_REQUIRED ACTION_: From the first line to the last, transcribe the data exactly and skip the pictures.
BEGIN INFORMATION PROVIDED
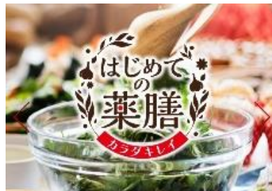
□写真② 「はじめての薬膳」 ホームページ
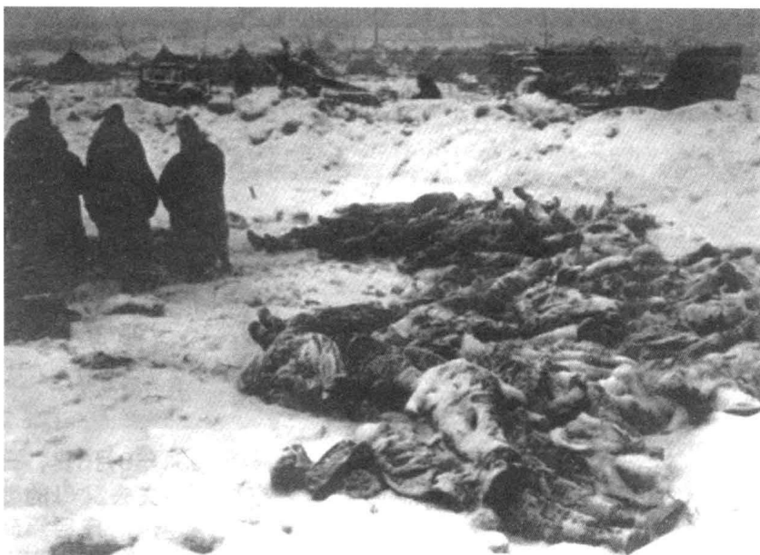
联合国军的阵亡士兵
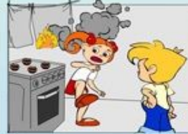
Неправильне користування газом та електроплитами
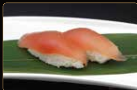
171. NIGIRI MAGURO tonno crudo e riso € 3,50
END INFORMATION PROVIDED
_ANSWER BELOW_:
□写真② 「はじめての薬膳」 ホームページ
联合国军的阵亡士兵
Неправильне користування газом та електроплитами
171. NIGIRI MAGURO tonno crudo e riso € 3,50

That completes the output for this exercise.